Projekt- und Heimstudios gibt es mittlerweile in Hülle und Fülle. Seit die Technik allgemein erschwinglich und bezahlbar ist, statten sich viele mit der entsprechenden Aufnahmetechnik aus, um ihren Traum von der eigenen Musikproduktion wahr zu machen. 

(Foto: Nejron Foto @ Fotolia)
(Foto: Nejron Foto @ Fotolia)

Doch oft muss man sich mit zahlreichen Kompromissen herumschlagen. So greift man beim Abhören schnell zum günstigen und – so scheint es – unproblematischen Kopfhörer. Dadurch entstehen viele halbgare Mixes, die mit etwas mehr Know-How um Längen besser werden könnten. Wir zeigen typische Fehler auf und geben Tipps, wie du diese vermeidest.
Aller Anfang ist schwer und die ersten Mixdown-Gehversuche finden im Wohn- oder Arbeitszimmer in der Mietwohnung statt. Da gibt es gleich verschiedenerlei Probleme. Meist ist es schwer, die Räume akustisch entsprechend zu behandeln. Mischt man neben dem täglichen Job, kommt man oft nur abends dazu und darf niemanden stören – Nachbarn, Freundin oder gar Kinder. Zudem kann eine gute Abhöre mal eben dasselbe kosten, das man für sein gesamtes Recording-Equipment insgesamt ausgegeben hat. Mit dem Griff zum Kopfhörer scheinen viele der Probleme mit einem Mal gelöst: Raummoden, Ruhestörung und keine nervigen, hässlichen Akustikelemente in der Wohnung, in der man sich ja auch heimisch fühlen will. Doch bei allen Vorteilen birgt diese Herangehensweise auch unscheinbare Risiken, die sich in der Mischung für viele nur gefühlt, jedoch nicht betitelbar bemerkt machen. Daher ist es zunächst ratsam, die Ungereimtheiten zu identifizieren und benennen zu können.

Inhalte
  1. Problem 1: Der Mix klingt flach
  2. Problem 2: Die Mischung wirkt eng und unausgewogen
  3. Problem 3: Fehlt da nicht etwas Hall?
  4. Problem 4: Der Gesamtklang ist sehr spitz
  5. Problem 6: Ein Instrument klingt irgendwie komisch oder verschwindet im Mix
  6. Was ist also zu tun, wenn mit Headphones gemischt werden muss?
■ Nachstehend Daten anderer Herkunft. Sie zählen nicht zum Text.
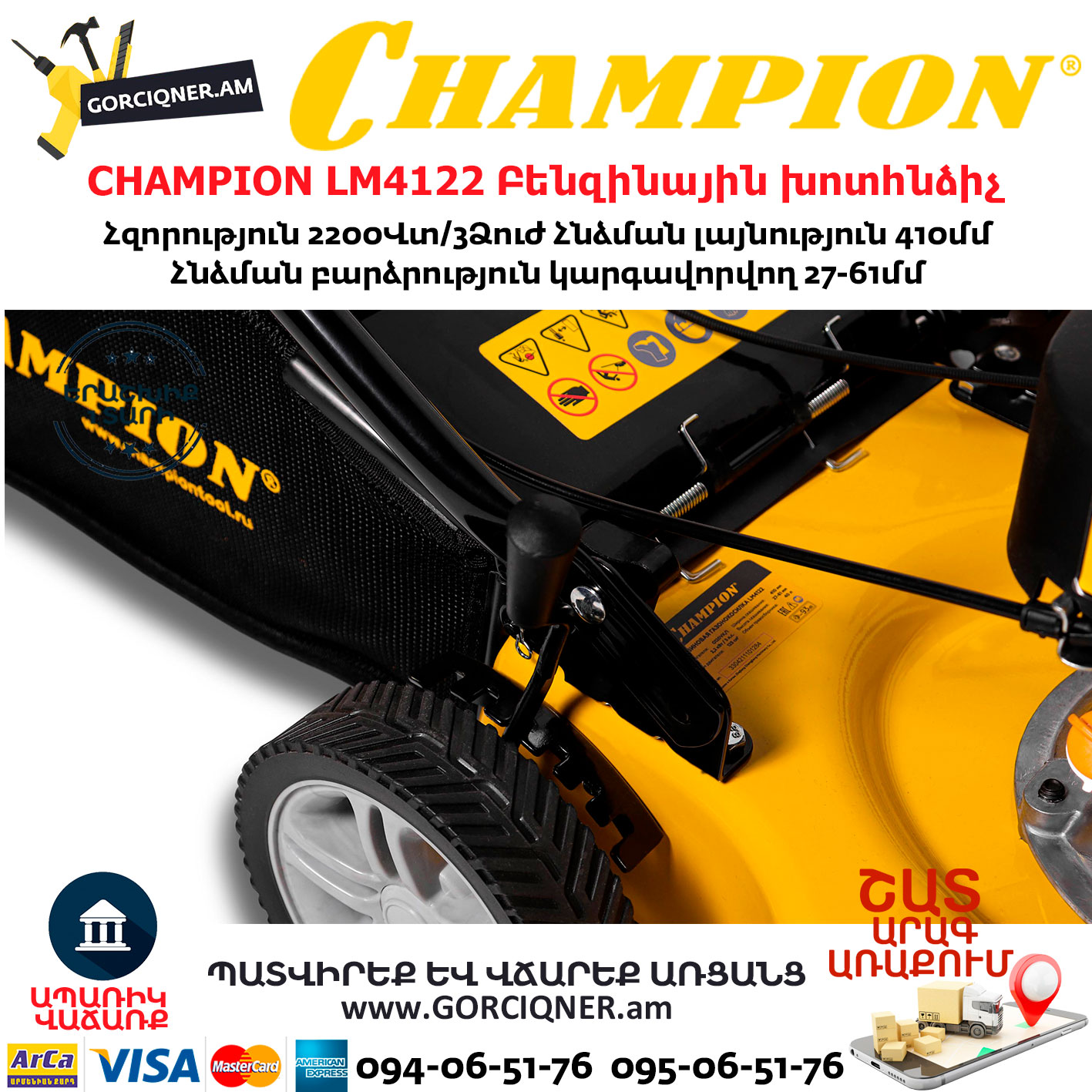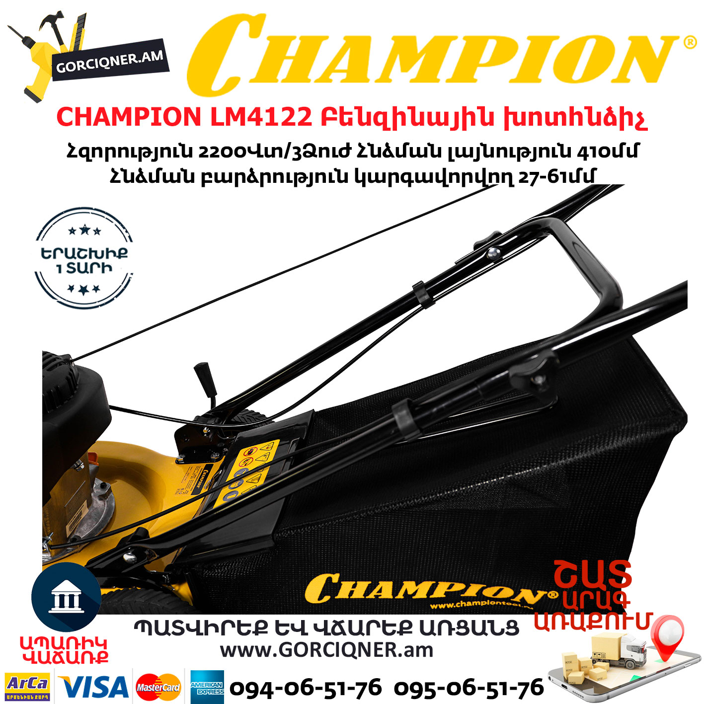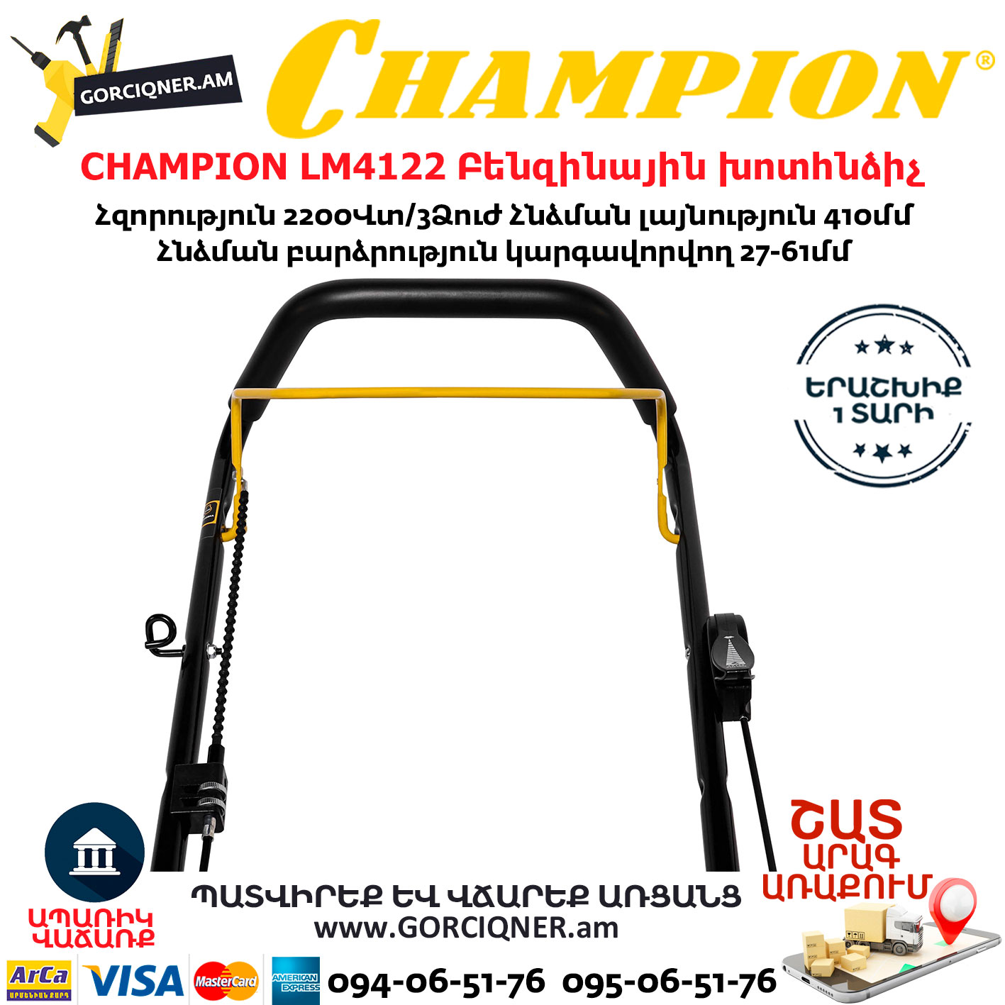 CHAMPION LM4122 Бензиновая газонокосилка 410мм/3л.с

Problem 1: Der Mix klingt flach

Das ist wohl das Häufigste, was der Mischer nach einem Kopfhörer-Mix zu hören bekommt: Es fehlt dem Mix an Leben und an räumlicher Tiefe. Das liegt daran, dass unter dem Kopfhörer die Raumwahrnehmung anders funktioniert, denn jeder Kanal ist schließlich vom anderen abgekapselt. Eine gute Kanaltrennung ist zwar bei Verstärkern wünschenswert, aber beim Mischen ein Ärgernis. In einer natürlichen Hörumgebung, wie sie von Lautsprechern nachgebildet wird, stellt sich diese Problematik nicht. Hier erreicht der Schall jedes Lautsprechers immer beide Ohren, das jeweils andere ein wenig zeitverzögert. Diese Form des Stereo, genannt „Laufzeitstereofonie“, machen sich Mikrofonierungsarten wie das AB-Prinzip zunutze. Sie ist für unser Gehirn unter anderem verantwortlich für die Entstehung eines Raumeindrucks. Fehlt diese Information, ist die Tiefenwirkung nur eingeschränkt wahrnehmbar. Elemente im Mix klingen dann im Stereo-Panorama wie aufgefädelt.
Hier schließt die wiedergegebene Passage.